3. Monitor Carrier Financial Health
Regularly check the financial health of the carriers you work with. Look for public financial reports or news articles that provide insights into their stability and financial performance.
4. Consider Shipping Insurance
Depending on the value of your shipments, consider purchasing shipping insurance. This type of insurance will provide financial protection if your goods are lost, damaged, or delayed due to carrier bankruptcy or other unforeseen events.
5. Stay Informed
Keep yourself updated on industry news and any developments related to the carriers you use. Be aware of any rumors or financial concerns that might indicate potential problems with a carrier.
6. Have a Contingency Plan
Develop a contingency plan in case your primary carrier encounters financial difficulties. Identify alternative carriers you can quickly switch to if needed.
7. Communicate with the Carrier
Establish good communication with the carrier’s customer service. If you have any concerns about a shipment or the carrier’s financial stability, reach out to them for reassurance and updates.
8. Utilize Package Tracking
Take advantage of package tracking services provided by the carrier. This will allow you to monitor your shipments’ progress and receive updates on any potential delays.
Freight Carrier Bankruptcies FAQs
Q. Is trucking business going down in 2023?
A. Yes, the trucking business is experiencing a decline in 2023. Industry insiders, analysts, and truckers all agree on the gloomy outlook, attributing it to slow retail sales and lower factory demand. This downturn is having a ripple effect on the freight industry as a whole.
Q. Why are so many trucking companies going out of business?
A. Many trucking companies are going out of business due to a shortage of qualified drivers. The disappearing pool of CDL drivers hinders their ability to scale and meet customer demands for freight transportation. Less available drivers means less capacity for the companies to handle business efficiently and profitably.
Q. Is Yellow freight losing money?
A. Yes, Yellow freight is losing money. As of June, their cash holdings decreased to over 100 million from around 235 million at the end of 2022. Additionally, they incurred a net loss of $54.6 million in Q1, nearly double the previous year’s loss.
Q. Why is Yellow filing bankruptcies?
A. Yellow is filing for bankruptcy due to heavy debts, customer loss, and the risk of a strike. This has resulted in a significant 80% decrease in freight volume. The trucking giant’s decision to file for bankruptcy was reported by anonymous sources to The Wall Street Journal.

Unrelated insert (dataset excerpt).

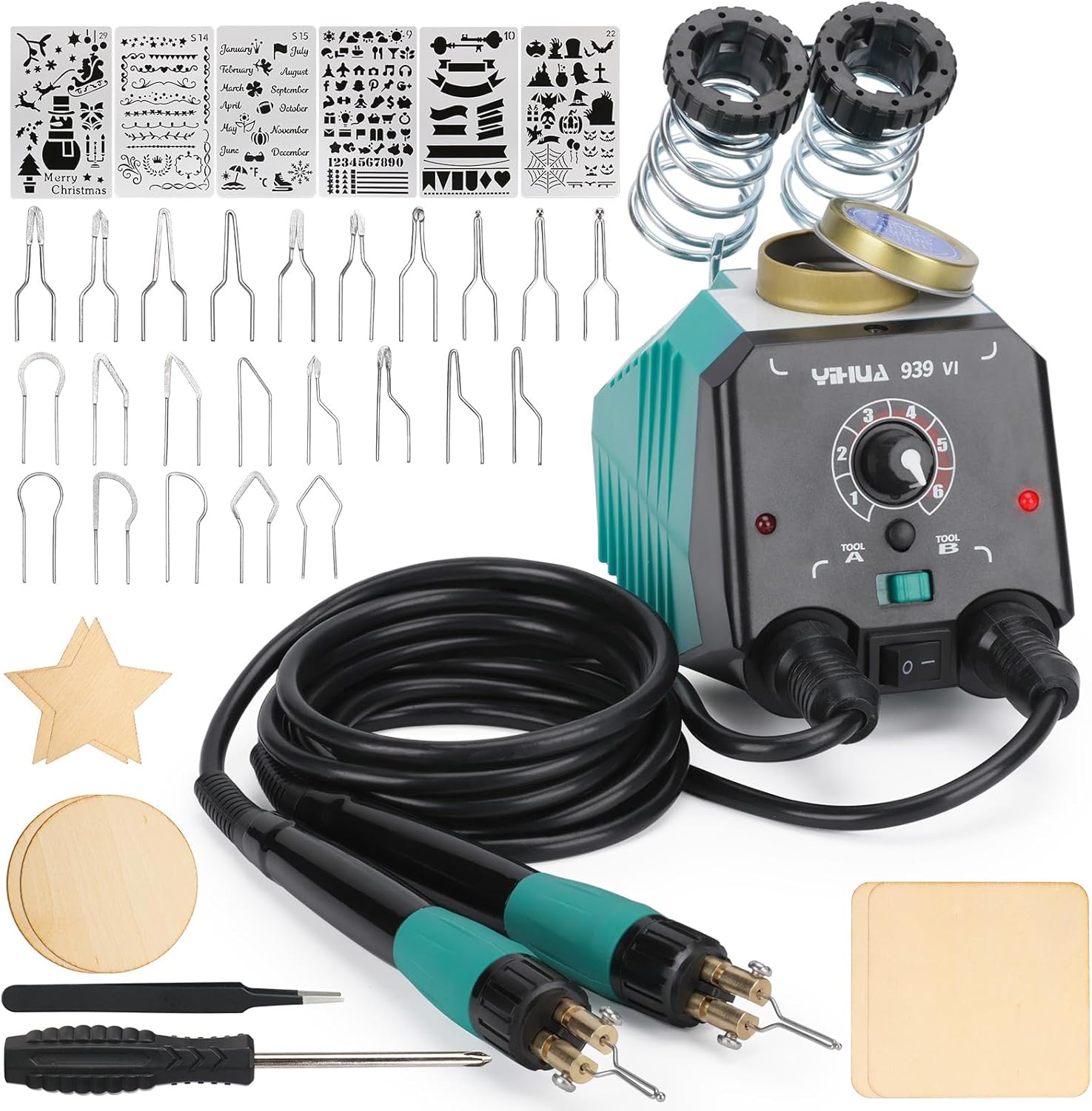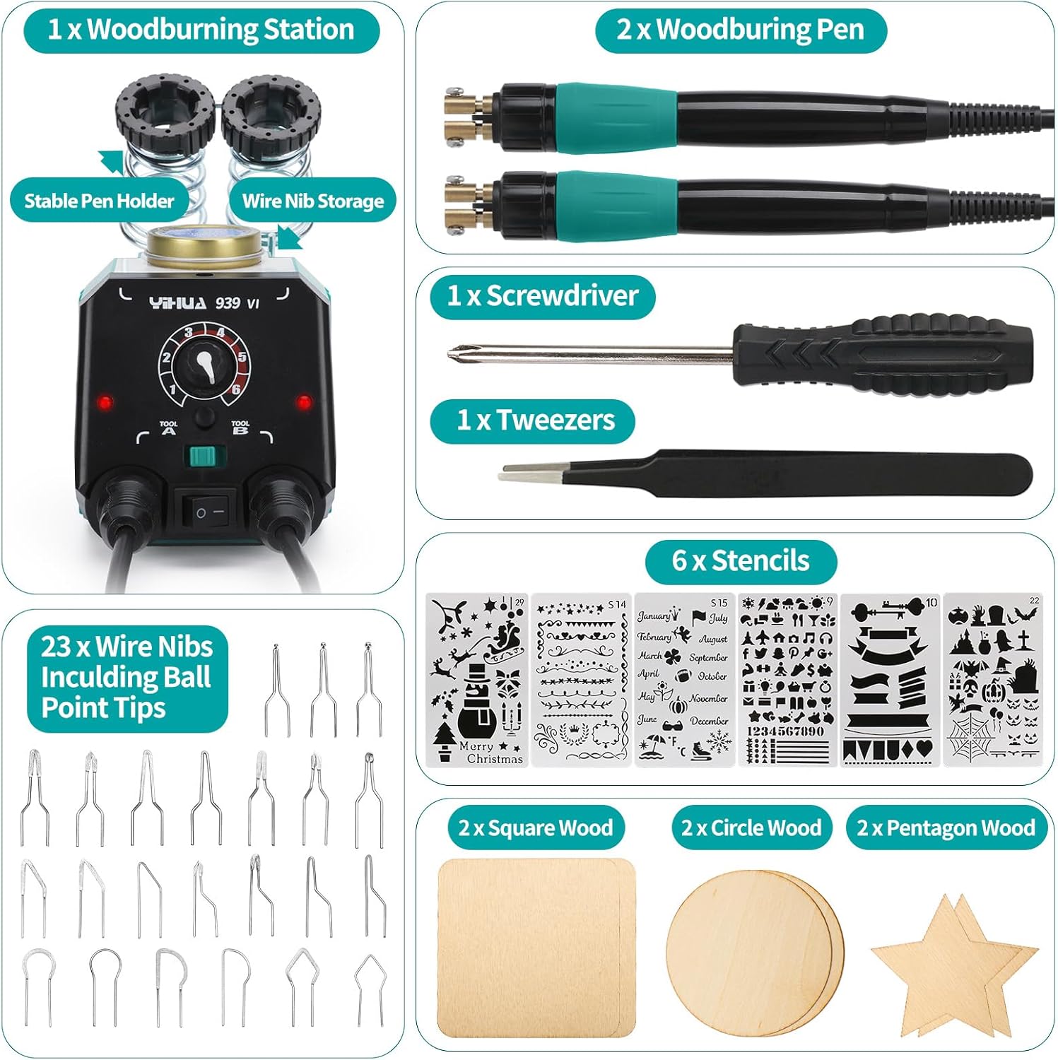 YIHUA 939-VI Dual Wood Burning Pen Wood Burning Kit with 23 Wire Nib in Varied Shapes, Detachable Pyrography Pen, 6 Wood Pieces, 6 Stencils and Screw Driver, Tweezers Used as Wood Burning Tool

Q. How many employees does Yellow have?
A. Yellow has a total of 30,000 employees. You can access a detailed list of Yellow employees, including their locations, business contact details, and key personnel, to get a comprehensive overview.
Q. Is YRC and Holland merging?
A. Yes, YRC and Holland are merging to create a super-regional carrier. LTL carrier Yellow Corp. aims to consolidate New Penn and Holland regional carriers with YRC Freight. This move is part of their plan to provide one- to two-day deliveries nationwide, forming a powerful logistics network.
Q. Who owns YRC Freight?
A. Yellow Corporation, a transportation holding company based in Overland Park, Kansas, owns YRC Freight along with other subsidiaries like New Penn, Holland, Reddaway, and HNRY Logistics.